Everybody says that people should talk about problems and not bottle them up. Is that good advice? According to both old adages and modern psychologists the answer is a clear yes. Talking through things that are bothering a person allows them to define the problem, keep it in perspective, and look at it more objectively. When people keep all their problems and emotions bottled up it can cause additional stress and may cause all the problems to run together as the mind tries to jump from one to the other until they seem endless and insurmountable.
Talking can allow valuable input from others on how to deal with situations. It allows the person talking to get the benefit of both experience and knowledge of others in processing problems and issues when the listener gives feedback. Even just affirmation that it is a legitimate problem or feeling has value. The sharing of problems very often gives a feeling of having lessened the burden some because once it is shared there is a perception that you are not alone with the issue anymore.
So why is it so hard to talk about problems and feelings? Social pressures and stigmas can make some feel weak or needy if they talk about things. The urge to be self-reliant is very strong in many people and even kindled by cultural expectations. Even if one can overcome the cultural or learned social expectations, there are still ramifications about some issues.
Talking about money problems could lead others to believe the person is not responsible or even untrustworthy. Talking about feelings may make others feel they are over sensitive or “too uptight”. Whether people like to admit it or not, even while they tell people to talk about their problems, when the person does finally open up there are far too often real unintended real world ramifications to the way others see them or feel about them.

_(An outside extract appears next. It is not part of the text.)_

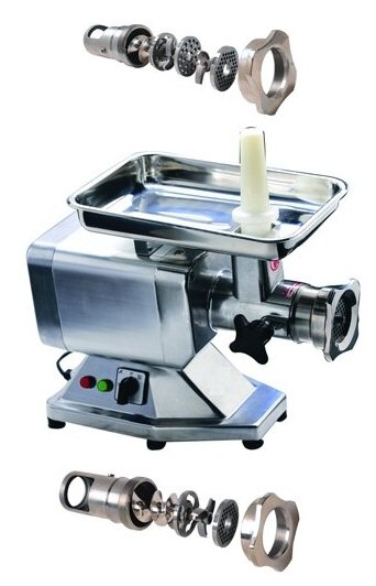 | Дополнительная информация | производительность 300 кг/ч; в комплекте 1 подрезной нож, 2 двойных ножа, 2 решетки с отверстиями диаметром 8 и 5 мм |
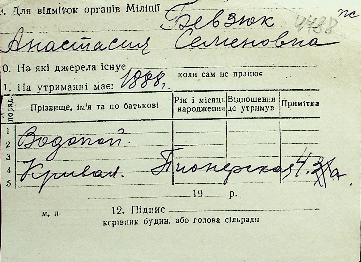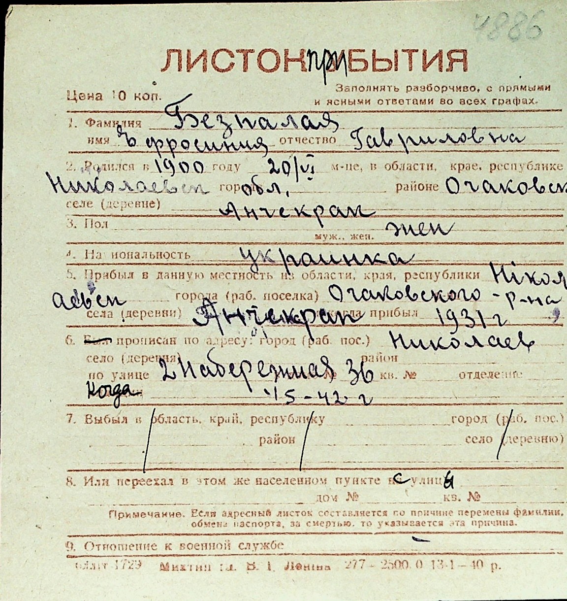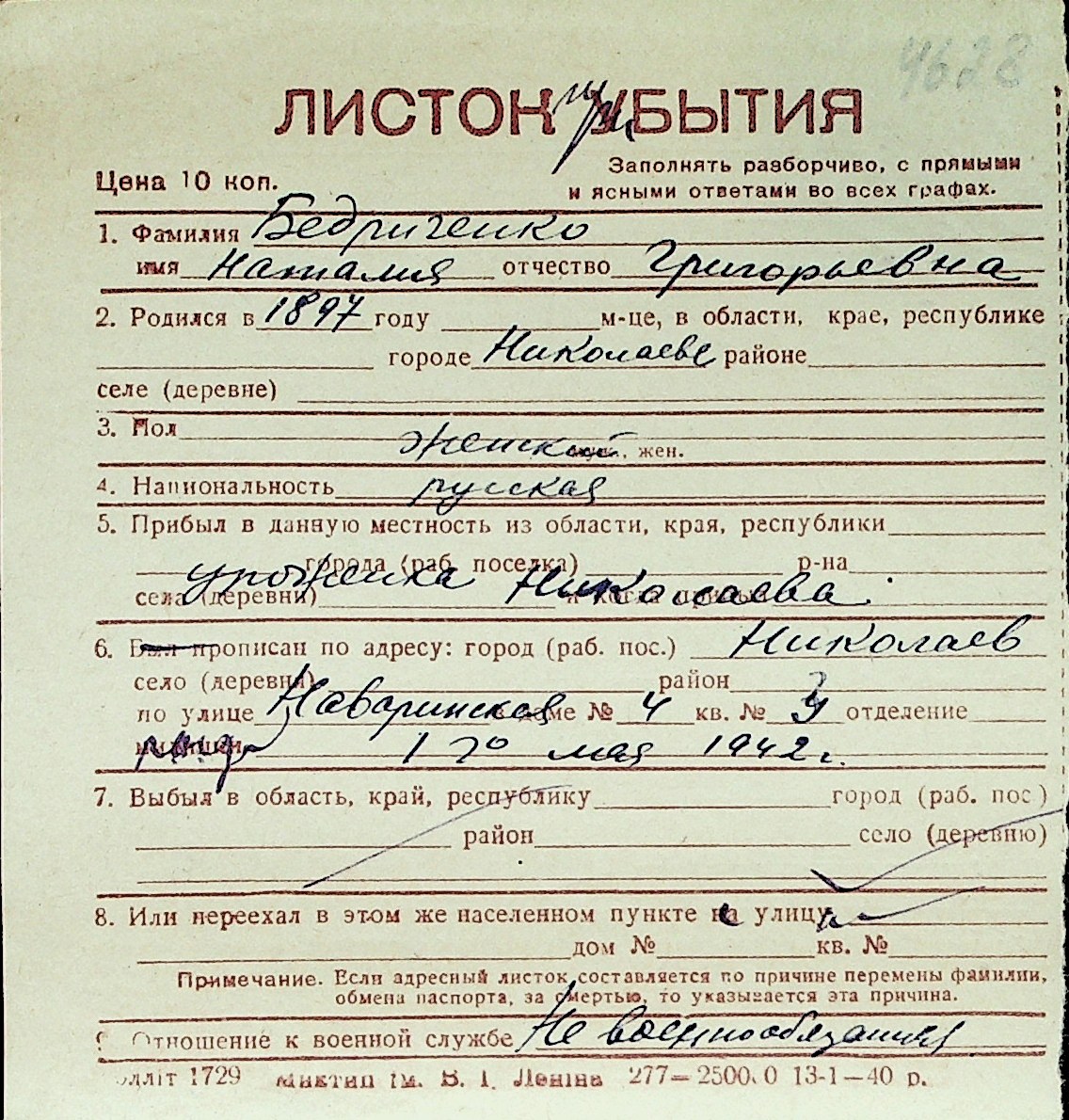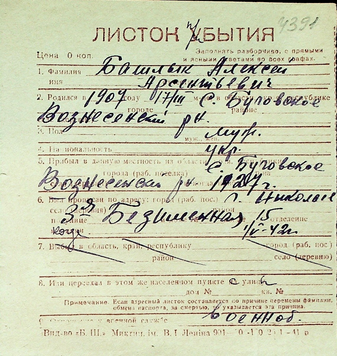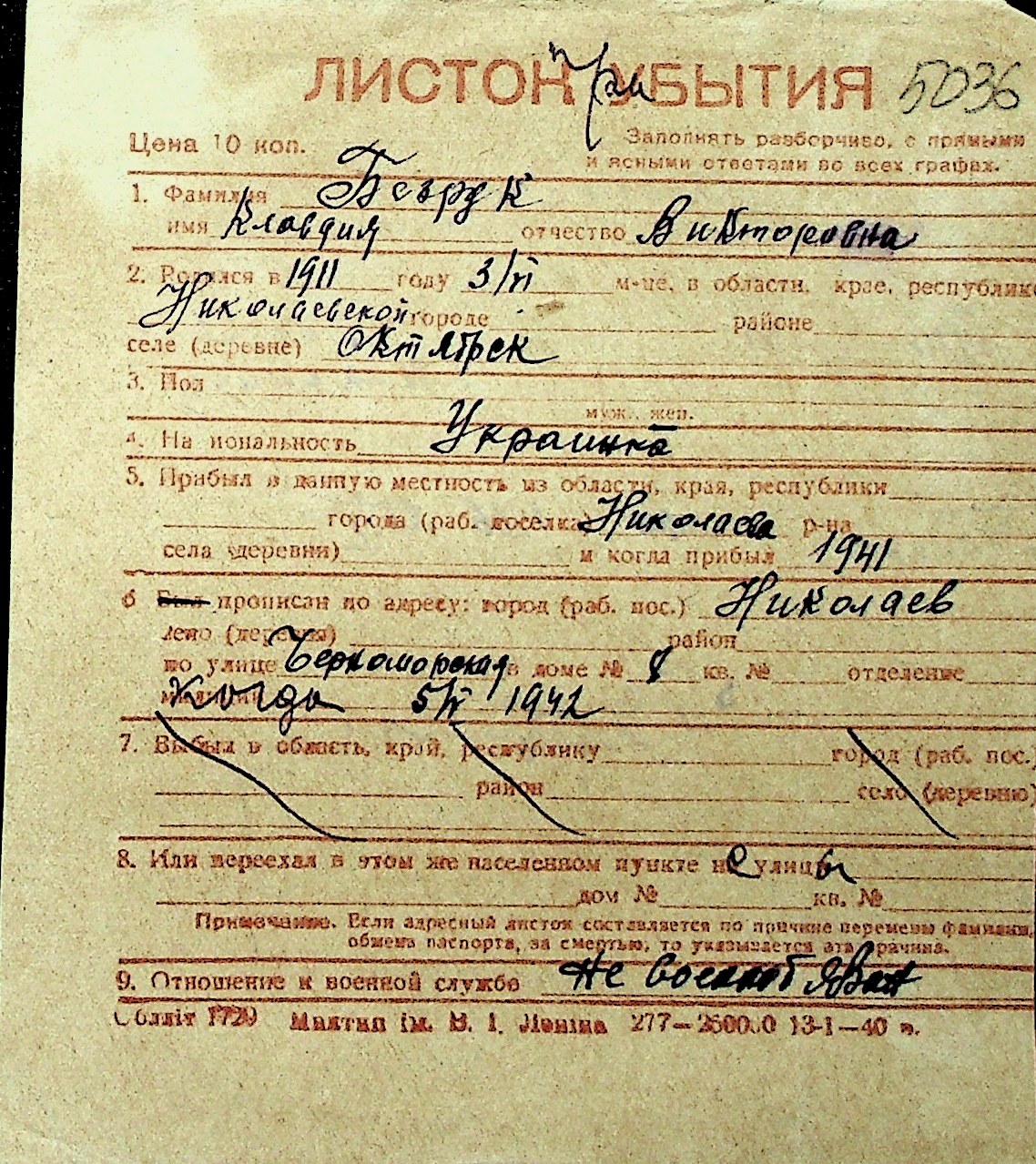 ◦ ◦ Перелік карток на осіб, які мешкали у м. Миколаїв у період окупації 1941–1944 років

It only takes a couple episodes of negative responses for a person to decide the risk of talking outweighs the potential benefit.
Where professional counselors and therapists come in is they allow the positive benefits of sharing the problems and feelings without the same potential social risks. Moreover, they are trained in how to guide conversations to be more productive, and to see past smaller issues to the larger underlying issues.
An oversimplified example might be the problem wasn’t the spouse forgot to pick up some grocery items on the way home that caused the person to feel like they are in a doomed relationship, the real problem is they feel like they are never listened to or that the person does not care about their needs or desires in general.
From this point the trained professional might help a person go through a logical list of examples where the spouse has done these things many times or that it is actually infrequent and allow a person to determine if the reaction is justified or not, and in that manner to cope with the feelings better; or the opposite and see the reason the person was so upset about a small thing was it is in fact a small example of a recurring much larger problem, so while the specific thing was small, they were correct in being alarmed overall and not over-reacting.
While having a trained professional is a great support, not all have access to counselors and therapists, and it is not reasonable to be able to get a professional for everything that comes up a person might want to discuss. Many people in the world simply do not have a large enough support network of trustworthy friends or family to listen to them. Some issues also have too high of social risk to for many to feel comfortable talking about to friends or family.
If topics like depression and anxiety carry a high social risk, then how does one discuss self-harm like cutting, or actual suicidal thoughts without feeling like they are seriously risking the relationship and trust of their friends and family? If somebody has suicidal thoughts on a frequent basis or has been suffering from depression for a long period of time they cannot see a professional every time a negative thought enters their mind. Friends and family often have no experience in listening and offering feedback on these issues, so that silence comes across as not caring and may make it feel like sharing was a mistake.
Use of anonymous peer support groups has been proven very effective for many people in dealing with the harder problems and feelings. Everything from addiction to suicidal thoughts has peer groups that will allow people talk to others that have had similar experiences so are not judgmental, and the anonymous nature relieves the social risk of disclosure. Also peer support groups allow far more frequent help than professional services. They fulfill the vital role of sharing thoughts and feelings while relieving the burden of feeling alone, without social risk to the person that is sharing. It is a chance to talk to people that actually understand the feelings and problems because they have had similar feelings or issues currently or in the past. It allows one to not only have a chance to talk, but to be listened to and understood as well.